UBS Analysts: Consumers Cautious About Spending on Soft Goods
According to recent research conducted by UBS U.S. Softline and Luxury Analyst Jay Sole, consumers are becoming more cautious about their spending habits. The study revealed that many individuals are considering scaling back their expenditures on items like clothing and accessories. Sole states that this widespread slowdown in spending will impact all softline companies and is observed across all demographic groups.
One of the key reasons behind this caution is the inflationary environment that consumers are currently facing. Additionally, factors such as student loan repayments are causing individuals to rethink their discretionary spending on apparel, footwear, and accessories. The implications of this cautious behavior are expected to create headwinds for stock prices in the softline industry.
When discussing the specific companies that are likely to be most impacted, Sole mentions that it will affect the entire softline sector. This includes department stores, brands, off-price retailers, and mall-based retailers. The slowdown in spending is not limited to specific income groups but is seen across all income demographics. Given that clothing is a necessity for everyone, the impact will be felt by the industry as a whole.
In terms of the promotional activity, Sole believes that there will be an increase in promotions for two main reasons. Firstly, there is an excess amount of inventory due to lower-than-expected demand this year. This buildup of inventory will need to be cleared, leading to more discounts and promotions. Secondly, demand is projected to decrease even further, which will result in retailers needing to offer promotions in order to stimulate sales.
In Sole’s note, he highlights several companies with strong growth potential, such as Nike, On Holding, and Deckers. These companies have a go-it-alone strategy, which involves distributing their products directly to consumers through their own stores and websites, bypassing the traditional retail middleman. This approach allows these brands to increase profits and establish a more direct relationship with consumers.
Sole explains that companies like Nike have made significant investments in their direct-to-consumer business, enhancing their apps and online platforms to make the shopping experience more appealing for consumers. As the world reopened after the pandemic, there was a brief rebound in store traffic. However, during the recent back-to-school shopping season, online sales growth rates started to pick up again, indicating a shift back to online shopping. This trend aligns with the future direction of the industry, and it is one of the reasons UBS analysts are positive about companies that have embraced this go-it-alone strategy.

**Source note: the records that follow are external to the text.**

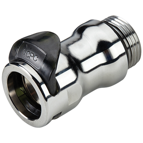 CPC® Valved Coupling Body, LQ8 Series, 1/2 x 3/4 in Connection, Quick Disconnect x SAE Threaded, Material Construction: Brass, Chrome-Plated, 1-1/4 in Hex, 1.58 in Dia x 2.58 in L, 120 psi Maximum Operating Pressure, 0 to 240 deg F Operating Temperature, 6 Cv Flow Coefficient, In-Line Mount, EPDM Seal, Stainless Steel Valve Spring
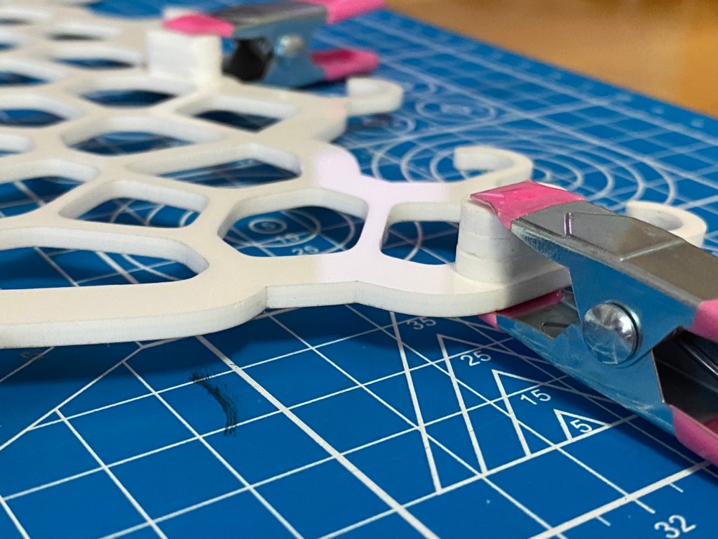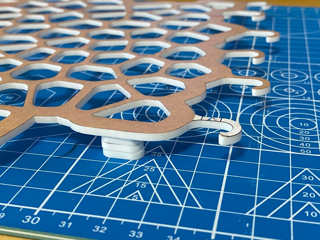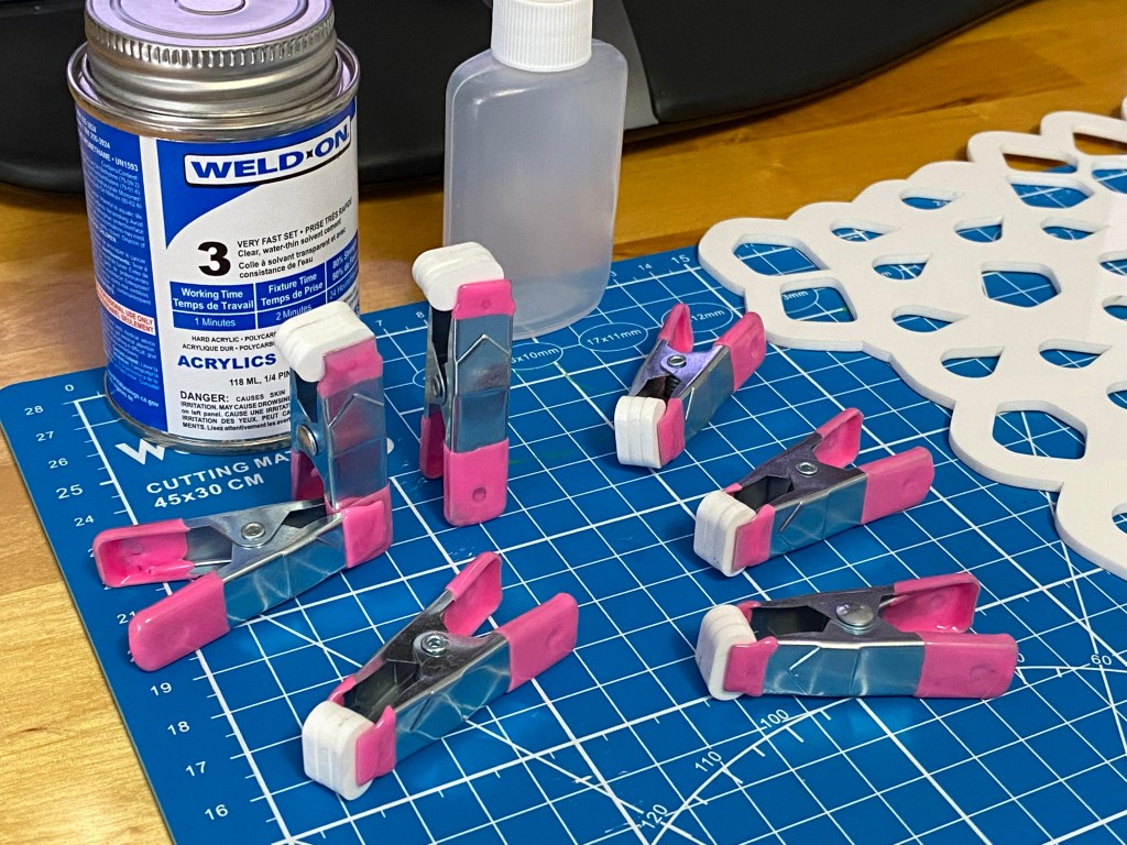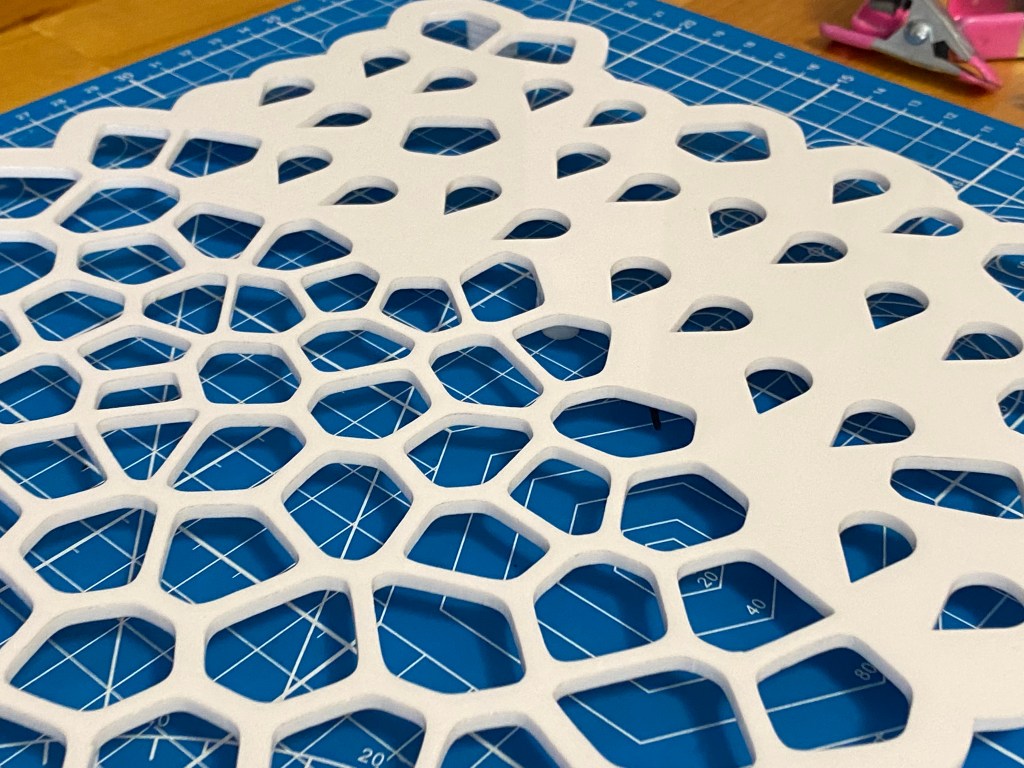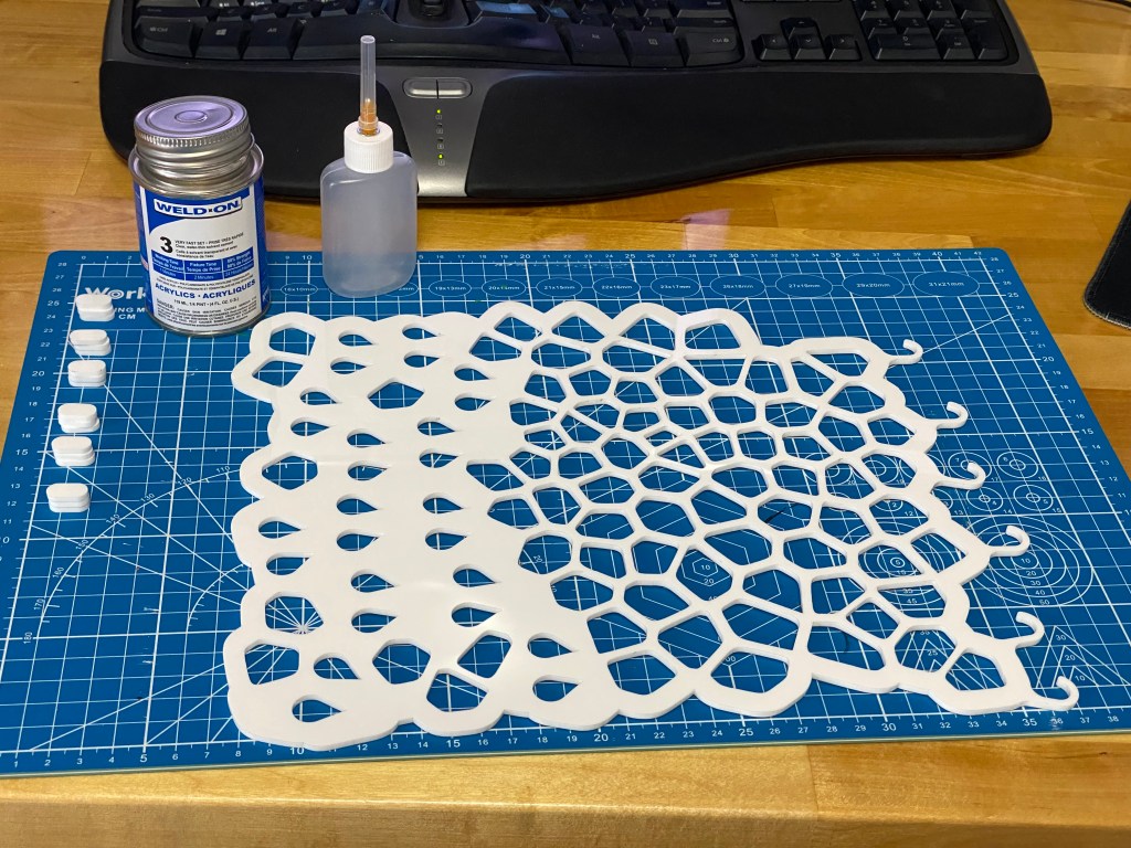 Designed in Fusion 360, modified in Adobe Illustrator, cut from 1/8in white acrylic using a Glowforge Basic
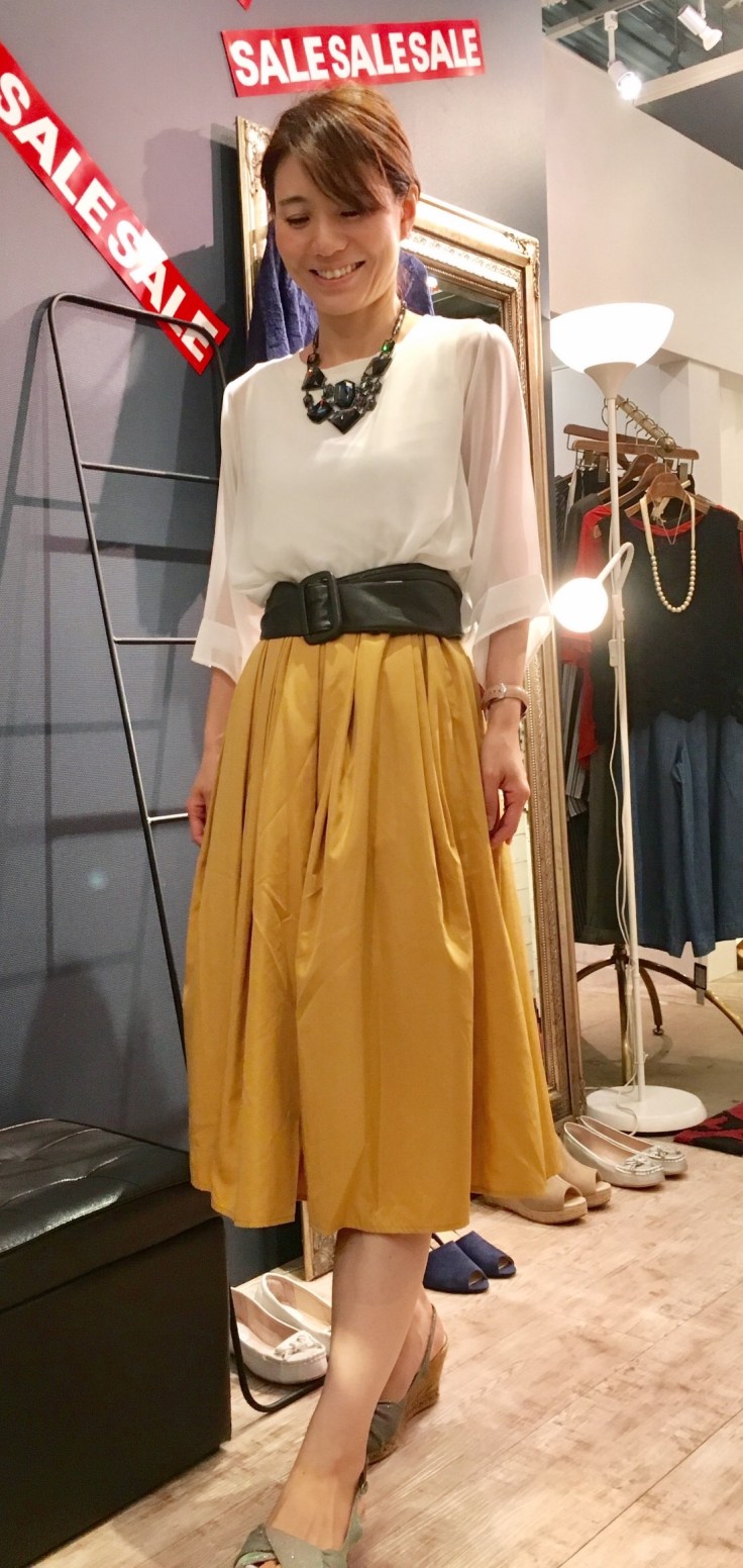 マスタード色のフレアスカート 春から秋まで長期間活躍してくれるマスタード色のフレアスカートです💕👍💕軽くて着心地も抜群!ウエストはゴムです😊 お値段は¥9,612 iPhoneから送信 2017年8月14日
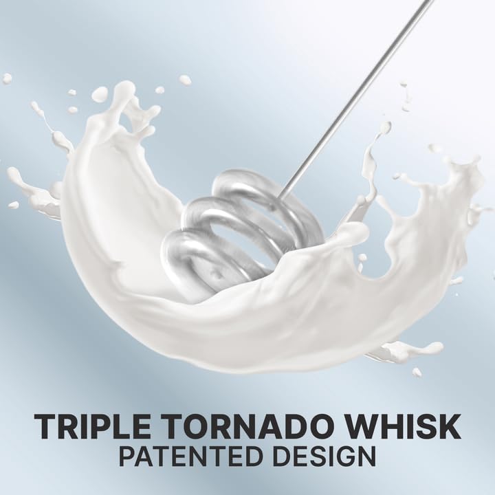 Zulay Kitchen Milk Frother with Patented Tornado Triple Whisk – Handheld Foam Maker for Coffee, Lattes, Matcha & Hot Chocolate – Rich, Creamy Froth in Seconds -
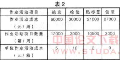 如表1、表2所列,某企业配送部门经作业界定、活动资源及资源动因确定,明确每种作业活动在一周中的总成本,再经统计一周内每种作业活动项目的数量,就可明确企业每一作业活动的单位成本,将作业活动成本分配到不同的产品或服务中即可进一步明确在每一次不同的服务中企业花费的成本,帮助企业进行决策分析。
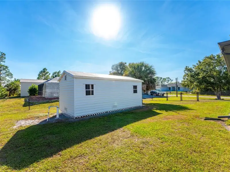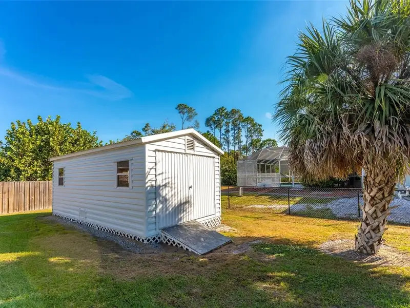 Step outside to a nicely landscaped yard, fenced backyard, large, screened lanai for outdoor living, and a 10’ x 20’ shed for storage needs. The location offers convenient access to everything you need. Daily errands become a breeze with grocery stores, pharmacies, numerous restaurants, and Sunseeker Resort within a ten-minute drive. Families will appreciate the proximity to highly-rated Charlotte County schools, making school commutes manageable and stress-free. Communing is made easier with access to I-75 in less than 10 minutes and Highway 41 is even less. All that, AND there are NO DEED RESTRICTIONS OR CDD FEES.
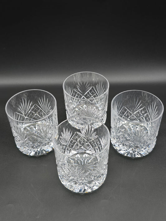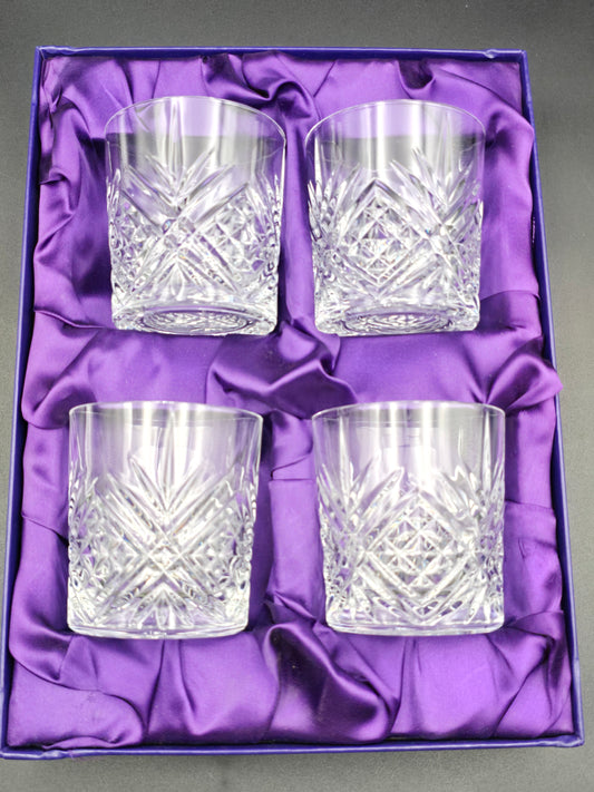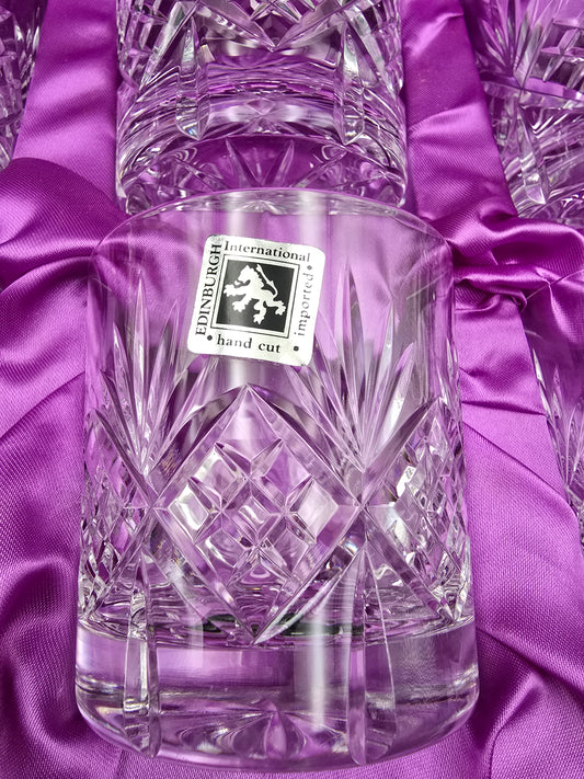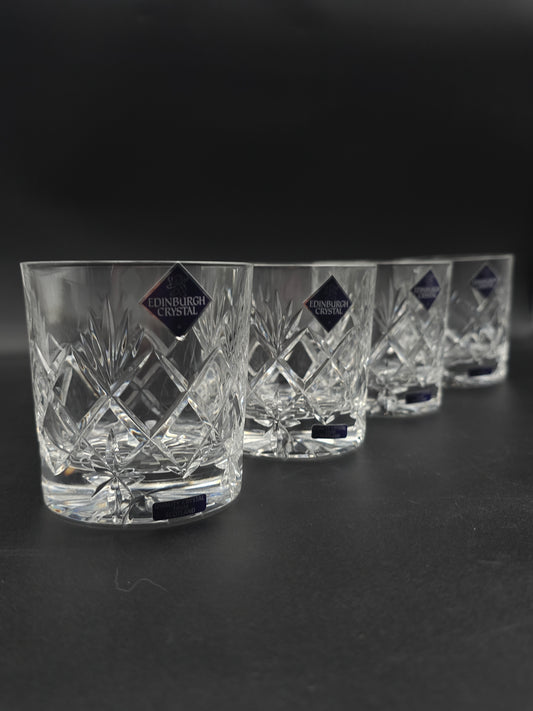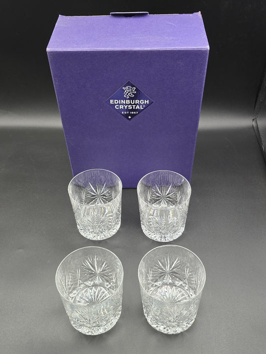Set of 4 Edinburgh Crystal Whisky Tumblers – Boxed, 8oz, Heavy Cut Glass, Vintage Scottish Crystal Barware
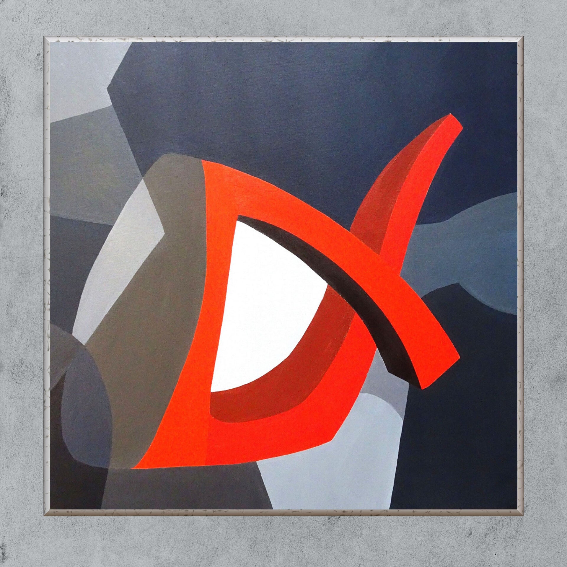 Modern mid century acrylic painting with geometric shapes and bold red and grey tones.
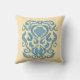 Damask robins ovo azul-velho travesseiro cremoso do mundo, projetado por Kristie Hubler, tem um antigo estilo damask design, padrão repetido na frente, solteiro na parte traseira, com um aqua, um motif gráfico azul-lacrimejante e um fundo dourado amarelo-cremoso.
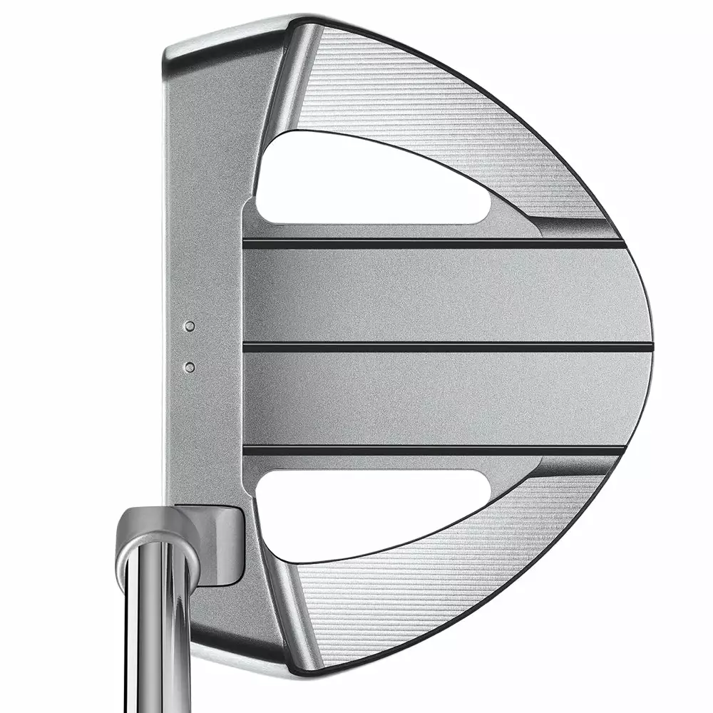 Evnroll Putters first came to the golfing world’s attention in 2016 with a range of stunning 100% milled putters featuring designer Guerin Rife’s ground-breaking, patented “Sweet Face” Technology. The innovative and unique groove technology is engineered to deliver uniform performance across the entire hitting area of the putter face for unprecedented accuracy and zero dispersion. Since then the brand has won multiple-awards internationally for its game changing technology including being the first company to win MyGolfSpy’s ‘Most Wanted blade and mallet’ back-to-back. Even Roll Distance – Because the channels get narrower away from the center, the spacing gets wider. This increase in contact surface means more energy transfer and replaces the energy lost when a ball is hit away from the sweet spot. So center and off-center hits travel the same distance.
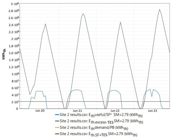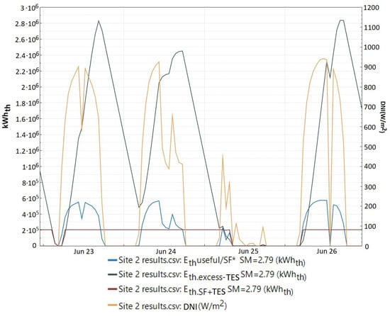 The main results that represent the thermal performance of the PTSTPPs under study are shown in this section. These results are obtained through Equations (12), (14), (15), (18), and (19). Hence, the behavior of the useful thermal energy of SF (blue curve), thermal energy jointly delivered by the SF and the TES (brown curve), surplus thermal energy stored in the TES (black curve), and the thermal energy demanded by the PB are shown in Figure 4 and Figure 5 for sites 1 and 2, respectively. With respect to site 1, it is observed that the combined behavior of the SF and the TES is perfectly adjusted to both the thermal energy demanded by the PB and its design paradigm. This does not occur in site 2 due to the intermittent useful thermal energy of the SF due to DNI transients from the day before the day of design (June 20). These DNI transients do not allow the TES to be charged at 100%, reducing the energy production of the early hours of the design day. Nevertheless, a correct modeling of the time evolution of the excess of thermal energy stored in the TES is obtained throughout the simplified mathematical model proposed in the present paper. The proposed model allows one to correctly simulate the charging and discharging periods of the TES based on the energetic requests of the PTSTPP. The above is evident when observing the behavior of the useful thermal energy of the SF (blue curve), total thermal energy delivered by the SF and the TES (brown curve), and surplus thermal energy stored in the TES (black curve) in the presence of days with both aggressive and moderate DNI transients (orange curve), which are shown in Figure 6 and Figure 7 for sites 1 and 2, respectively. It is depicted that, in the presence of aggressive and moderate DNI transients involving a significant decrease in the useful thermal energy of the SF, if the mathematical model detects that there is sufficient thermal energy stored in the TES, it allows one to fully emulate the response to energy requests in order to meet the demand of the PB and maintain constant electricity production (brown curve), and it shows the progressive reductions of the amount of energy available in the TES (black curve), as is the case of June 23 and 24 in Figure 7. The same happens after sunset, where, if there is sufficient thermal energy stored, the manageability of this energy can be simulated, making visible the reduction of the stored energy while the simultaneous functioning of the SF and the TES (brown curve) is constant. It is important to point out that the behavior of all these parameters is replicated throughout all the days of the year in the simulations performed for sites 1 and 2, thus proving the quality of the proposed mathematical model.
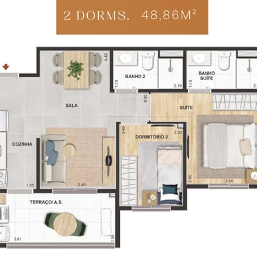 49m² - 02 Dorms. com suíte e terraço – Finais:01 e 20 (unidades de ponta)
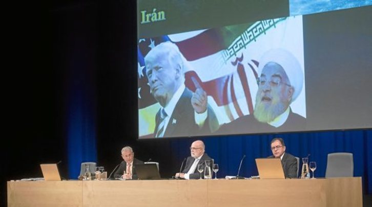Unos EEUU que, recordó, son autosuficientes y ya no dependen de los hidrocarburos de sus aliadas monarquías del Golfo, lo que, unido a la pugna económico-tecnológica –«y a mucho no tardar» militar– con China, han virado hacia el Sureste Asiático sus prioridades estratégicas. Pero unos EEUU que «tampoco abandonarán totalmente el escenario», predijo el general, recordando que la retirada anunciada hace casi un año no se ha cumplido, e insistiendo en que su política exterior es un continuum en el que los efectos de los anuncios vía twitter de Trump tienen un efecto limitado, aunque sea visible en algún caso como en el seguidismo ya sin complejo alguno de Israel.
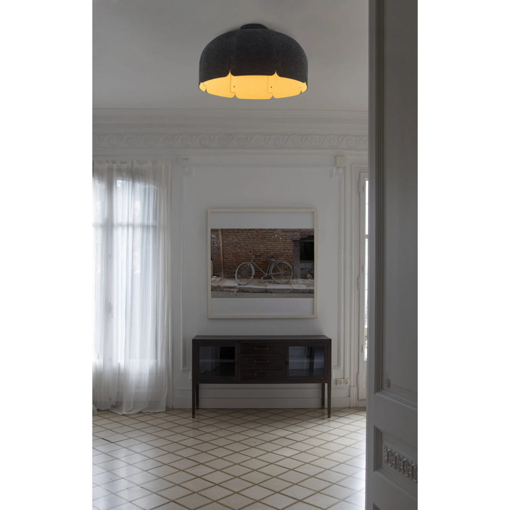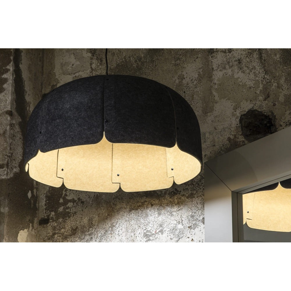 MUTE es una lámpara colgante de diseño creada por Nahtrang. La pantalla de la versión en marrón y gris oscuro reduce la reminiscencia del sonido por lo que es ideal para iluminar restaurantes o espacios con ruido. Está formada por 8 piezas de hojas y cada hoja está compuesta por 2 capas de material acústico. Está fabricada con un 65-70% de botellas recicladas y un 30-35% de fibras libres de P.E.T.

Overall, the research conducted by UBS reveals that consumer demand for soft goods is weakening, leading to a cautious approach to spending on clothing and accessories. This slowdown is expected to impact all softline companies, prompting retailers to offer more promotions and discounts to clear excess inventory. Companies with a strong direct-to-consumer strategy, like Nike, On Holding, and Deckers, are seen as well-positioned for success in the evolving retail landscape.